# Khon Kaen/Roi-Et/Udon Thani: opinions



## Grennor (Nov 27, 2008)

I am considering moving with my Thai lady to Khon Kaen/Roi-Et/Udon Thani area later this year, would appreciate any opinions on such a move to this area for a non Thai speaking Brit. all views/opinions of these areas welcomed.Grennor


----------



## joseph44 (May 4, 2011)

Grennor said:


> I am considering moving with my Thai lady to Khon Kaen/Roi-Et/Udon Thani area later this year, would appreciate any opinions on such a move to this area for a non Thai speaking Brit. all views/opinions of these areas welcomed.Grennor


Wherever you move to, you'll do fine as long as you don't move too close to your family in law. 
Khon Kaen and Udon Thani (the cities) are well populated by "farangs" and also bars and entertainment-venues are on hand. I don't know enough about Roi-Et.


----------



## Grennor (Nov 27, 2008)

joseph44 said:


> Wherever you move to, you'll do fine as long as you don't move too close to your family in law.
> Khon Kaen and Udon Thani (the cities) are well populated by "farangs" and also bars and entertainment-venues are on hand. I don't know enough about Roi-Et.

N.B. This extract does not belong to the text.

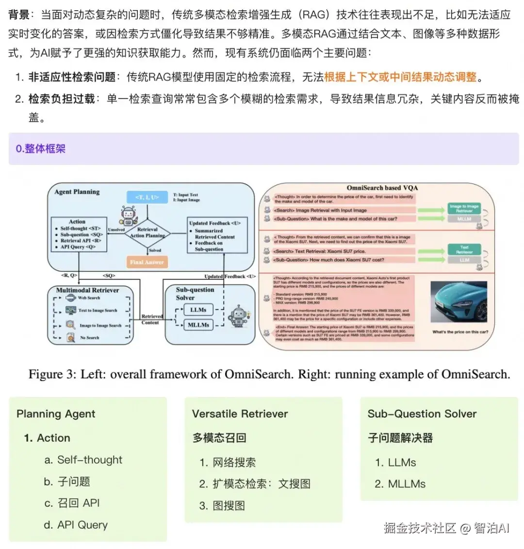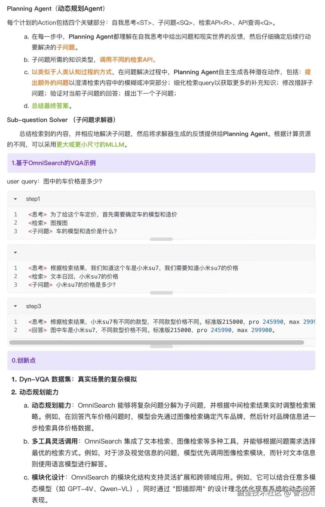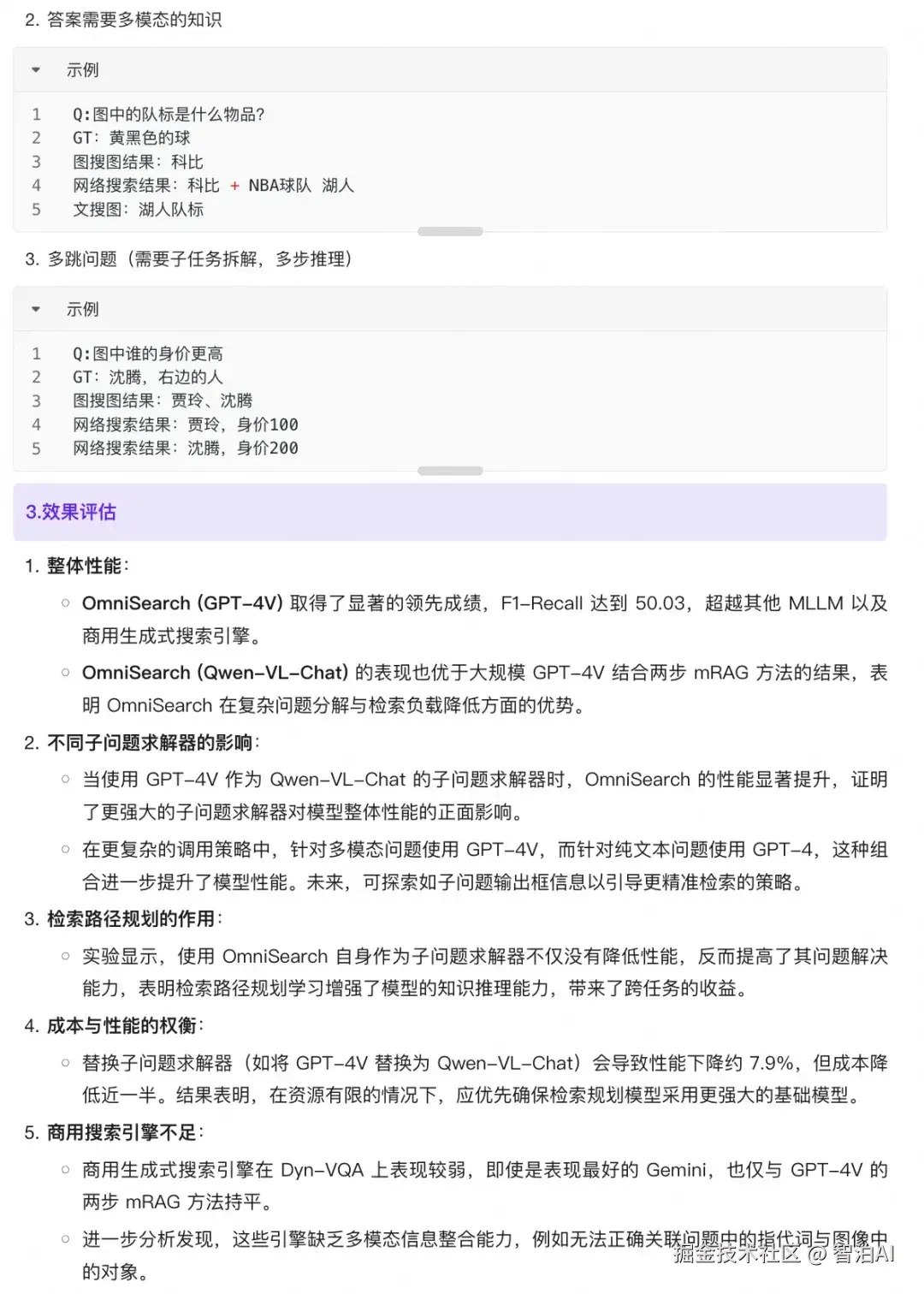 OmniSearch 能够动态拆解复杂问题,根据检索结果和问题情境调整检索策略,模拟人类在解决复杂问题时的行为方式,从而提升检索效率和准确性。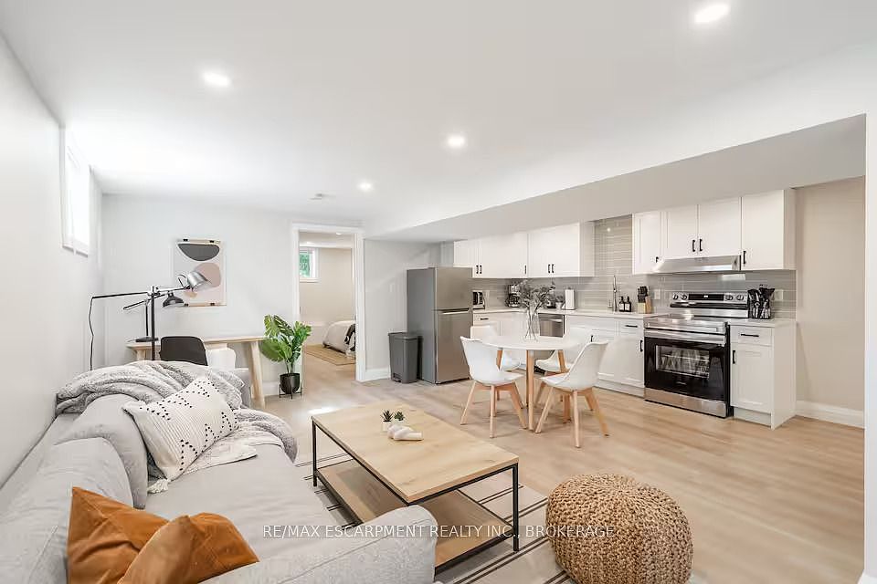This beautifully renovated, fully furnished 2-bedroom lower-level unit offers a perfect blend of modern finishes and cozy comfort. The open-concept layout features a stylish kitchen with stainless steel appliances, plenty of counter space, and contemporary cabinetry. Both bedrooms are spacious and inviting, with ample storage throughout. The updated 4-piece bathroom adds a touch of comfort and style, while the in-suite laundry and private entrance provide everyday convenience. Outside, enjoy your own fenced patio-perfect for relaxing, entertaining, or enjoying a quiet evening outdoors. Located in a peaceful, family-friendly neighbourhood, you're just minutes from parks, waterfalls, shopping, and downtown Hamilton. With quick highway access, it's a great midpoint between Toronto and Niagara Falls. Move-in ready and fully furnished if desired, this unit is the perfect space to call home.

Cheers , Joseph for your candid reply, good to know there will be other "farangs" to talk to if the need should arise , any idea about the golf courses in those areas,do they exist ? if so are they on a par with the ones beetween Bangkok & pattaya ? ..........Grennor


----------



## Song_Si (Jun 11, 2010)

hi - this link was on another thread here for golf courses in Thailand

Thai Golfer

this page lists golf facilities in the three areas you named


----------



## Grennor (Nov 27, 2008)

thanks for the link Song Si, I will probably spend many happy hours trawling through the courses. Cheers .......Grennor.


----------